The £420m deal is set to save £200,000 a year in interest costs. It brought down the average interest rate on the association's loans from around 7% to 5.85%.
The deal, with six banks, includes:
- £50m of new money from Lloyds TSB
- £40m of new money from Cheshire Building Society
- £25m of new money and £20m of existing money from Royal Bank of Scotland
- £100m of new money and £85m of existing money from Nationwide
- £30m of existing money from Barclays
- £70m of existing money from Abbey.
The deal will give the London-based association £215m of new money and allows it to refinance old loans – some with the lenders in the syndicate and some with other lenders – in order to bring down costs.
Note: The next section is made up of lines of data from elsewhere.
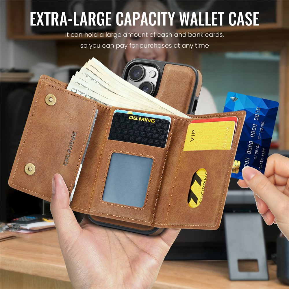 - Detachable Magnetic Trifold Wallt Includes a removable magnetic wallet with three folds, capable of holding cards, IDs, and cash, offering both convenience and functionality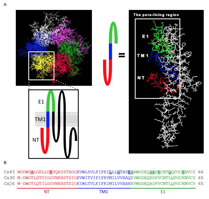 Fig. 1. Homology model of Cx43 and alignment of the predicted pore-lining region of Cx43, Cx30 and Cx26. A: Image depicting a homology model of a Cx43 gap junctional channel (AA 1-244), based on the Cx26 gap junction structure. The predicted pore-lining region is highlighted and colored in the typology drawing as well as the in structure of the Cx43 monomer. B: Alignment of the predicted pore-lining region of Cx43, Cx30 and Cx26. The residues of Cx43 selected for mutagenesis are underscored and highlighted in bold. |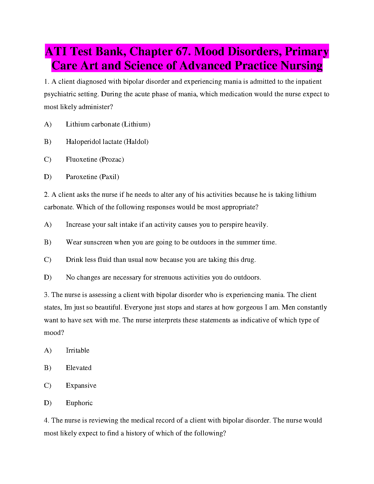 TEST BANK FOR ATI, Chapter 67. Mood Disorders, Primary Care Art and Science of Advanced Practice Nursing

To manage exposure to interest rates, the association uses a mix of fixed-rate loans – included in this latest funding – and about £160m of derivatives, which fix interest.
Among the latter is a £20m interest-rate hedge signed with Barclays two weeks ago.
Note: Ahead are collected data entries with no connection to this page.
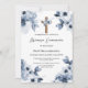 Blauer Blumenstrauß erste kommunion Einladung auf Spanisch für Junge.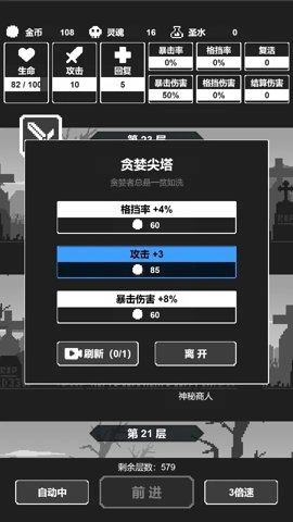 每一层的设计都充满了挑战,玩家需要在战斗中不断提升角色的等级。通过击败怪物获得经验值,角色的属性会随之增强,提升战斗能力。随着等级的提升,玩家还可以解锁更强大的技能,这为战斗增添了更多的策略元素。选择合适的技能组合,能够让你在面对强敌时游刃有余。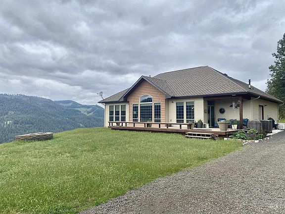 If you are searching for a custom single-level home with some of the most magnificent views in Idaho, you have found it! This stunning 2-bedroom 2 bath home features hickory hardwood flooring, a stacked stone gas fireplace, a vaulted tongue & groove ceiling in family room with breathtaking views. Family room also has a built-in entertainment center & bookcases. The office could easily serve as a third bedroom if needed. An open floor plan features a kitchen with stainless appliances, quartz counters, an appliance garage, two pantries, & on-demand hot water. The main suite has spectacular views & a walk-in closet. This property also has an amazing finished shop complete with a wood stove and half bath. From the large Timbertech back deck, you can enjoy your wood firepit and the abundant wildlife that call this beautiful scenery home. An 8-10 GPM well is another bonus. Check out features of this well-maintained home in Special Features document. Don't miss the aerial video of this special place!

Circle 33 has also set up a security trust to reduce the costs of legal searches on homes being used as security for loans.
Usually, searches have to be done on properties each time they are used for a loan with another lender. But this will only have to be done once for homes in Circle 33's trust.
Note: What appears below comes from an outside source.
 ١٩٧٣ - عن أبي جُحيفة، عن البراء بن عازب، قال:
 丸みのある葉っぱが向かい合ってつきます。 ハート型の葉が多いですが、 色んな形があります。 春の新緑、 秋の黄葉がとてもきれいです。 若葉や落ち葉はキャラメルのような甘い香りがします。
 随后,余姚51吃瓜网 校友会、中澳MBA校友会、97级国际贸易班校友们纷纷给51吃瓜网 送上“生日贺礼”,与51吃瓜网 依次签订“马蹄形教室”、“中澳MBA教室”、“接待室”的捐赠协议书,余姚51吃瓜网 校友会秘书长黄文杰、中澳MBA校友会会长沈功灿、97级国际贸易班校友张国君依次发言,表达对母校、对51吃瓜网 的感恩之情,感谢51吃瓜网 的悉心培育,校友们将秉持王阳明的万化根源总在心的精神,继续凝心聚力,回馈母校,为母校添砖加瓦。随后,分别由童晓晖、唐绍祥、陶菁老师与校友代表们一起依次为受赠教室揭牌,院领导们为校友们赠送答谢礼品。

It has also revalued its properties using the market value rather than rental cashflow.
Group treasury manager Nathan Dunton said: "We can use less of our security to secure loans by moving to the open market value. Property values based on rental cashflow can be almost a quarter of the open-market value."
Sunderland Housing Group boosted the value of its homes by £100m with similar measures when it signed a £300m bank deal last year (HT 3 October 2003, page 17).
Paul French, a senior manager at Lloyds TSB, said: "Circle 33's treasury management is sophisticated; we are happy to support that."
The deal follows a wave of refinancings in the sector (HT 26 March, page 15). The next few months are expected to see more.